Bagi perkawinan campuran yang dilangsungkan di luar Indonesia, harus


didaftarkan di kantor Catatan Sipil paling lambat 1 (satu) tahun setelah yang
bersangkutan kembali ke Indonesia. Bila tidak, maka perkawinan anda belum diakui
oleh hukum kita. Surat bukti perkawinan itu didaftarkan di Kantor Pencatatan
Perkawinan tempat tinggal anda di Indonesia (pasal 56 ayat (2) UU No 1/74).
BAB III

PENUTUP

A. Kesimpulan
Anak adalah subjek hukum yang belum cakap melakukan perbuatan
hukum sendiri sehingga harus dibantu oleh orang tua atau walinya yang
memiliki kecakapan. Pengaturan status hukum anak hasil perkawinan
campuran dalam UU Kewarganegaraan yang baru, memberi pencerahan yang
positif, terutama dalam hubungan anak dengan ibunya, karena UU baru ini
mengizinkan kewarganegaraan ganda terbatas untuk anak hasil perkawinan
campuran.
UU Kewarganegaraan yang baru ini menuai pujian dan juga kritik,
termasuk terkait dengan status anak.
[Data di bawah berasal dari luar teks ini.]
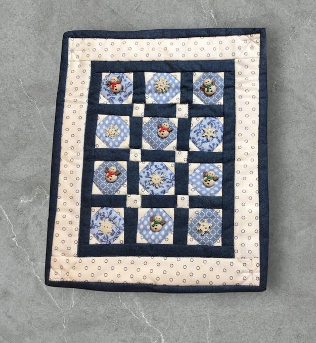 Small 12x9 winter quilted wall hanging with cute little snowmen and snowflake buttons. Great for hanging or gift giving.
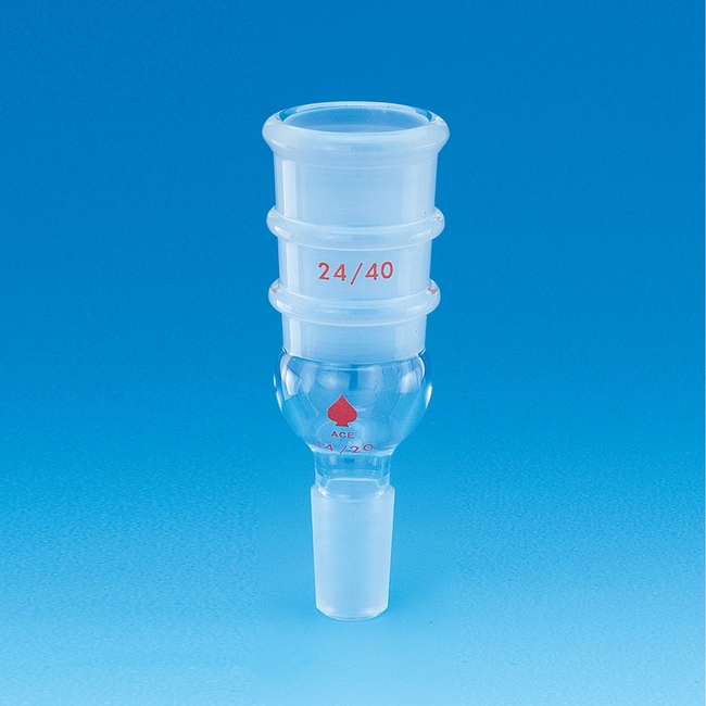 Ace Glass, Inc. Connecting adapter with 24/40 top female and 19/22 bottom male standard taper joints.

Penulis juga menganalogikan sejumlah
potensi masalah yang bisa timbul dari kewarganegaraan ganda pada anak.
Seiring berkembangnya zaman dan sistem hukum, UU Kewarganegaraan yang
baru ini penerapannya semoga dapat terus dikritisi oleh para ahli hukum
perdata internasional, terutama untuk mengantisipasi potensi masalah.

B. Saran
Saran yang dapat diberikan pada pasangan perkawinan campuran yaitu
memahami dengan baik ketentuan ketentuan hukum kewarganegaraan,
sehingga dapat mengetahui hak-hak dan kewajiban yang menjadi
konsekkuensi atas perkawinan yang dilakukan.